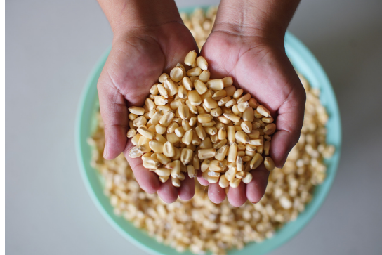
Maíz blanco con el que elaboran las tortillas
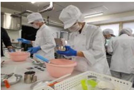
食品デザイン科：製パン作業
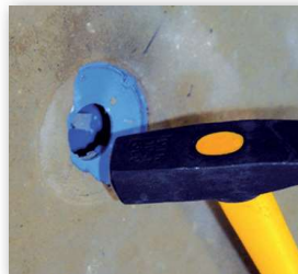
7 Ausschlagen des Dosendeckels.
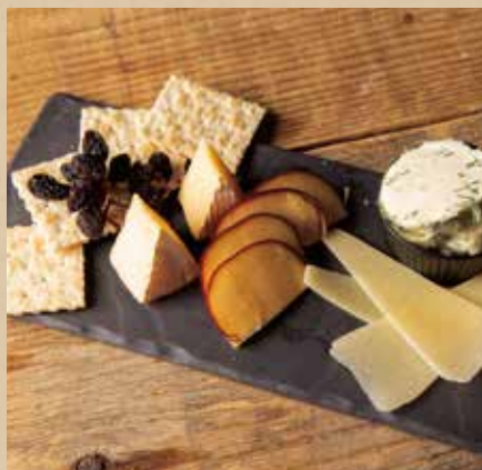
チーズプラッター 890 (税込979) Cheese Platter ワインとの組み合わせを楽しみたい、4つのチーズアソート。
┄┄┄┄┄┄┄┄┄┄
* [Requirement]
What is needed is a word-for-word copy of the data above, free of any images.

* [Solution to this task]
Maíz blanco con el que elaboran las tortillas
食品デザイン科：製パン作業
7 Ausschlagen des Dosendeckels.
チーズプラッター 890 (税込979) Cheese Platter ワインとの組み合わせを楽しみたい、4つのチーズアソート。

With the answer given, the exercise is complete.